But it's really about the miracle that happens to Jean.
So the ostensible miracle
of the virgin birth is somewhat overtaken by this miraculous blowing apart of Jean's limited
and confined life as she discovers friendship and love and maternal feelings at perhaps the
11th hour. Yes, I mean, that's what I loved about it. It was also, let's be clear about this,
a love story between people who aren't usually
the leading players in love stories.
No, I wanted it to be about people who are unfashionable
and unglamorous and unattractive,
but those people still feel sexual passion and attraction
just like everyone else.
And I just wanted to make
that as as true and as as moving and as real as possible I should say it is also a bit creepy
that the scenes set in a sanatorium for example which is where Gretchen was when she believed
that she became pregnant there's there's a lot going on here and um I really found it incredibly
absorbing as I do hope I've made clear so I also just want to squeeze in a quick reference to the fact, Claire, that you've been writing for a very long time.
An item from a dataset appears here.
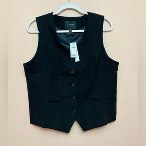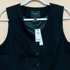New with tags Banana Republic Factory Hayden Vest. ⭐️Color: Black ⭐️V-neck ⭐️Sleeveless ⭐️Button front closure ⭐️Welt front pockets ⭐️Buckle adjustment at back ⭐️Fully lined ⭐️Fitted ⭐️63% recycled polyester, 34% rayon, 3% elastane spandex ⭐️Imported ⭐️Approximate measurements for size Large: -Pit to pit 20 1/2” -Waist 19 1/4” -Length from back of the vest 19 1/2”.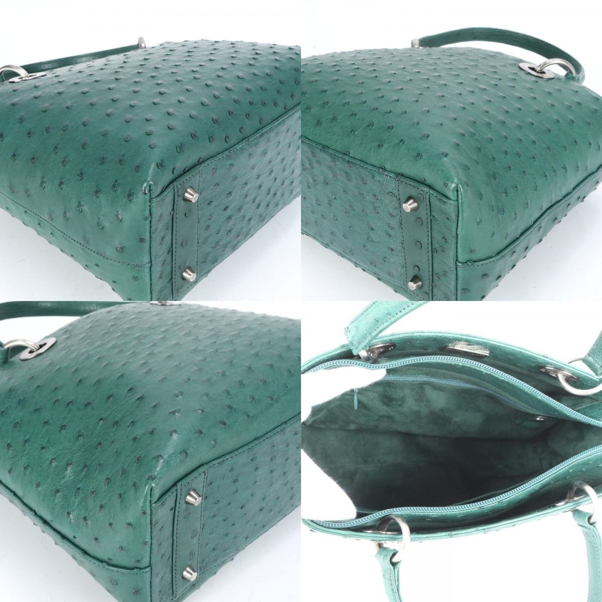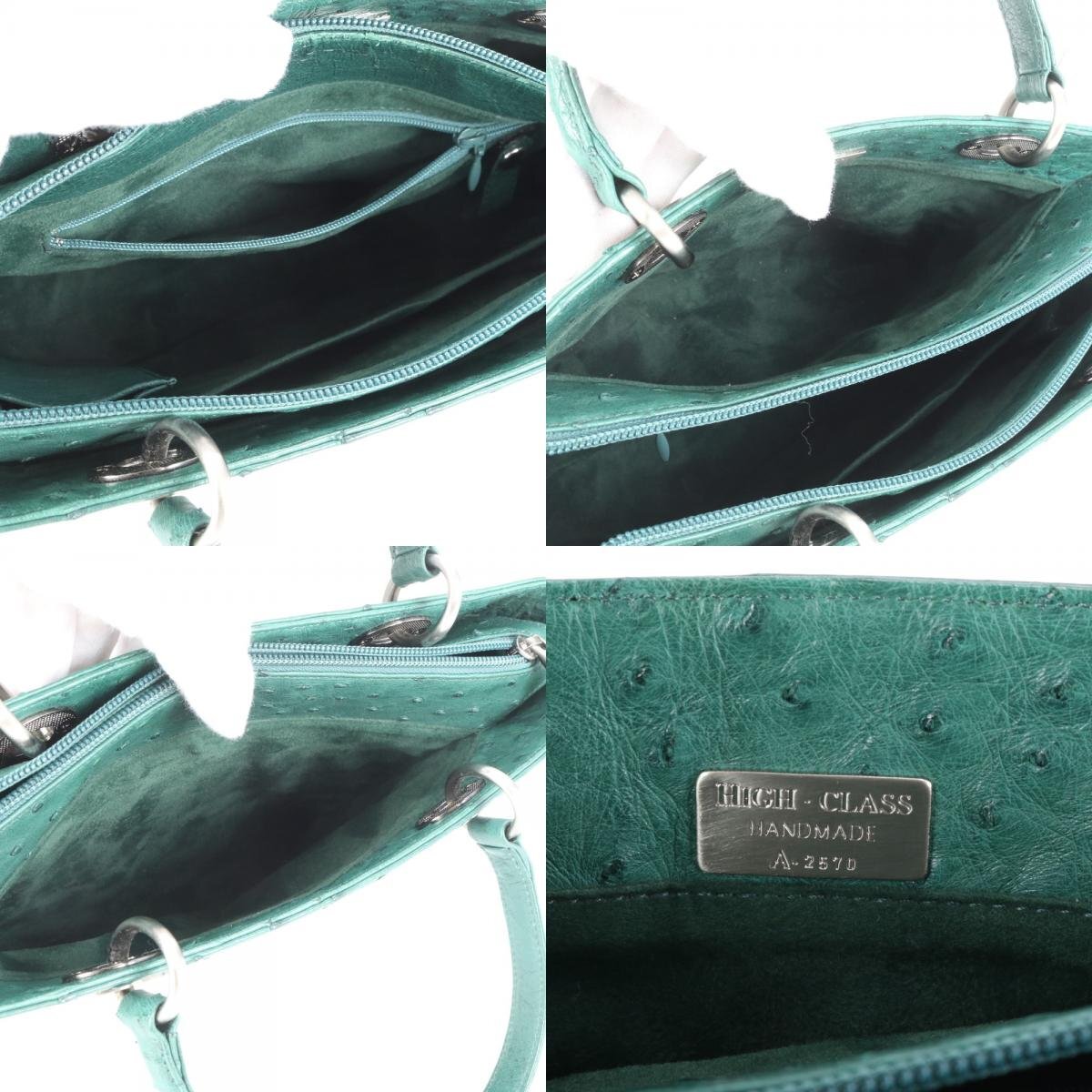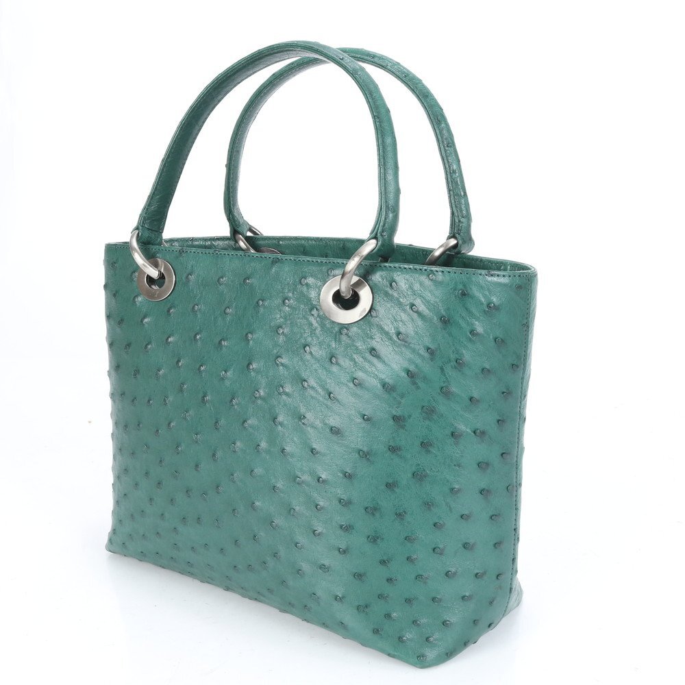 1円■極美品■ハイクラス■オーストリッチ レザー トート バッグ 肩掛け ショルダー ハンド シルバー 金具 レディース ECE CE-9-3

And at one point you might have been somewhat discouraged.
But this book has had fantastic reviews and you must be really, really pleased with it.
Yeah, I'm really excited about the reception it's had. And it gives me great hope, you know, to think for other writers who may feel
that they've been a bit in the publishing wilderness
or writers who are not yet published and think,
oh, the publishing industry is only interested
in young people and celebrities and the new.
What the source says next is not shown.